Exercise materials
···
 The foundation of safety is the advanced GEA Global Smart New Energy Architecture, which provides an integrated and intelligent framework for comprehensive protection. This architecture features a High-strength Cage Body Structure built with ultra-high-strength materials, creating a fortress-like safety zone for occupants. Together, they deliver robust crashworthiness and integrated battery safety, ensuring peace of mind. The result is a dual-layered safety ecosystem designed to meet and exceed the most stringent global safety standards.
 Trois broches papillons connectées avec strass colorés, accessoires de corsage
···
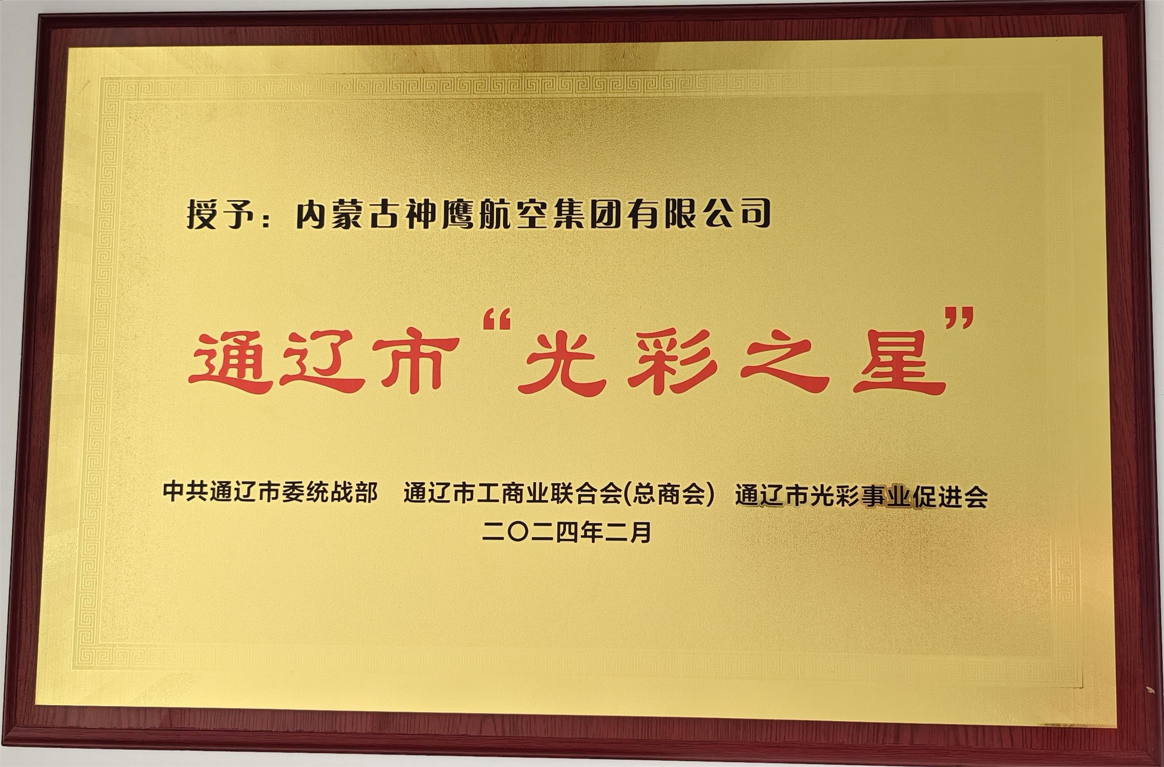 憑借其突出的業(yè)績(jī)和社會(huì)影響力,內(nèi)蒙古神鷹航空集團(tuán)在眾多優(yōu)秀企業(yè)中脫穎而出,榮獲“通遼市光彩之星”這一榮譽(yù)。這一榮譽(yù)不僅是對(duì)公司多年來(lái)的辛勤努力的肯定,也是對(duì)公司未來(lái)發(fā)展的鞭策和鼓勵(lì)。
···
Required action
Everything starting at the line containing "The foundation of" and ending at the line containing "Trois broches papillons" in the records above should be repeated exactly, and only that.

Task result
 The foundation of safety is the advanced GEA Global Smart New Energy Architecture, which provides an integrated and intelligent framework for comprehensive protection. This architecture features a High-strength Cage Body Structure built with ultra-high-strength materials, creating a fortress-like safety zone for occupants. Together, they deliver robust crashworthiness and integrated battery safety, ensuring peace of mind. The result is a dual-layered safety ecosystem designed to meet and exceed the most stringent global safety standards.
 Trois broches papillons connectées avec strass colorés, accessoires de corsage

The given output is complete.